In the book “Science, Synchronicity and the Trickster,” Allan Combs and Mark Holland, writing in 1990, place a lot on the Greek myth of Hermes who is described as a god of play, of transformation, creativity and mischief, boundaries. Hermes guides us to sleep  and back and to death.  He is the perfect culprit for a messenger between the conscious and unconscious. 

 

 Although they do not quote Lacan, they  also describe positive and negative consequences of encounters with him in which fecund moments occur or in which one feels disciplined by invisible forces. These forces seem to be strongest when we are egotistical, selfish or self-conscious (see Ironic by Alanis Morrissette).

 

Observations

 

It seems that:-

 

·      Coincidence could be under-theorised because it is the only thing that keeps the myth of certainty, stable. 

 

·      In order to experience any coincidence as meaningful it has to be thought. It is nearly impossible and maybe un-necessary to work out which proceeded which. When the coincidence is experienced as thought, it is being experienced consciously, and one’s conscious values such as tolerance for uncertainty come into play.

 

·      Encounters with the dynamic are made more bearable if there is some pattern to them, so we pattern them. Traditional Chronology ignores the pattern in encounters with the dynamic.
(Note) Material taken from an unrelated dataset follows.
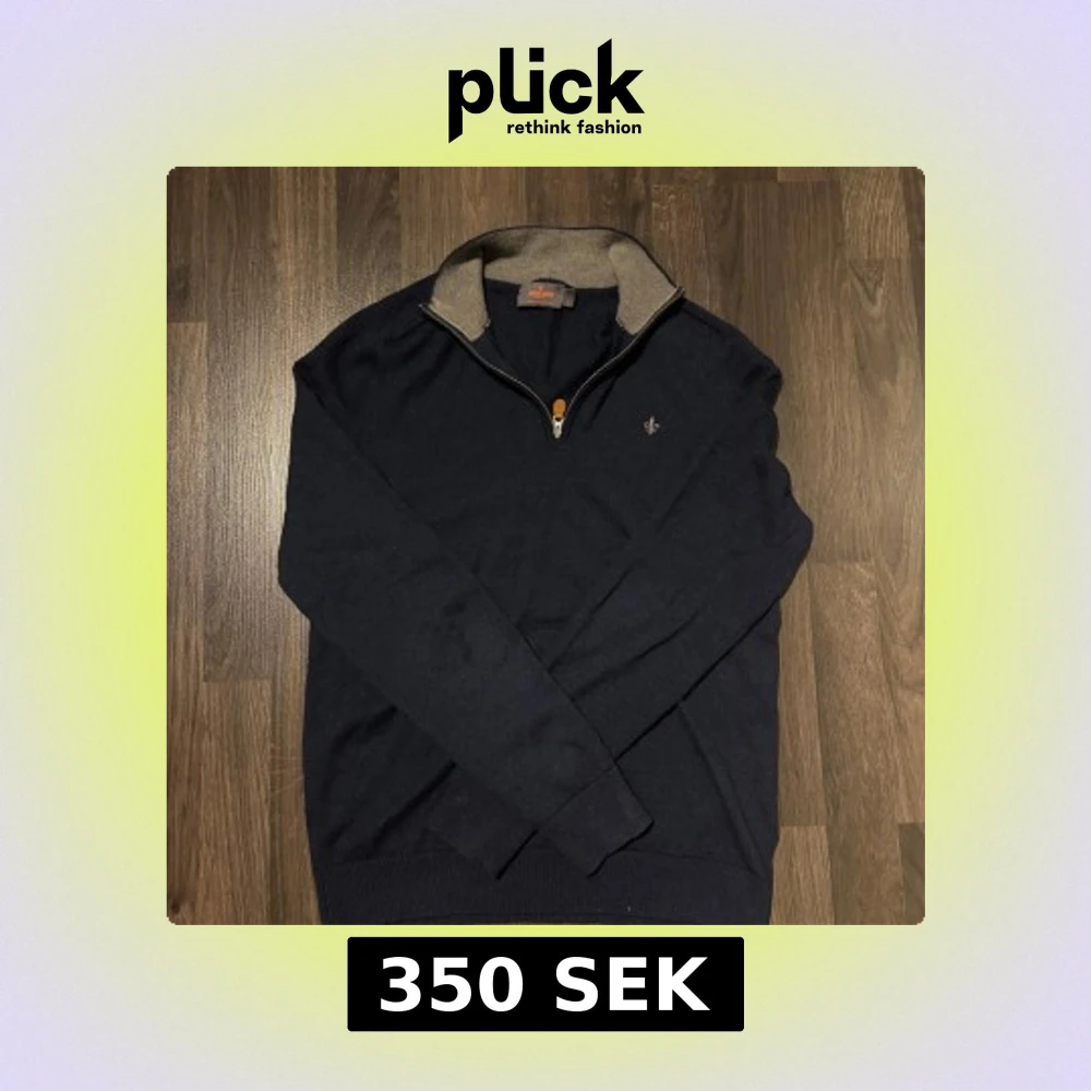 Säljer en stilren mörkblå tröja från Morris i 100% merinoull. Tröjan har en dragkedja framtill och en kontrasterande krage i beige. Perfekt för kyligare dagar och ger en elegant touch till din outfit. Storlek L men passar bättre M.

Pattern Recognition is  a way in which we can see things in a new chronology

 

·      Coincidence is experienced more often if we are taken by surprise by new events in consciousness, such as shocks, travel or loosing oneself in thought or meditation.

 

·      It is healthy for ones consciousness to experience coincidences. The story we tell ourselves about the meaning of the event actually speaks to us about who we are and what our ambitions are in the conscious world.  It does not help to try and over-ride these events, but it does help to explain them to oneself.

 

·      This narrative capability is essential for development of the psyche and gives us back some of the poetry, which science and rationality has taken away.

 

 

 

·      In some circumstances we get the sensation that we were complicit in our  failure in an assertive rather than an accidental manner. Could this be a health check, or an attempt to precipitate a change in, our consciousness. I think that Coincidence and to some extent accidents can be thought of in this way (note the anamorphosic event with the vase in the Matrix and the lyrics to the Alanis Morrissette song). Coincidence is like pinching yourself to see if you are awake. Introducing mystery to  prove that the conventional consciousness is still working

 

·      Soul-Atoms is only one way to be and even atoms now need irrational rules to describe them. Encounters with the dynamic can be experienced positively if we look for patterns in them, and occasionally when we are on the wrong track encounters with the dynamic will remind us to slow down.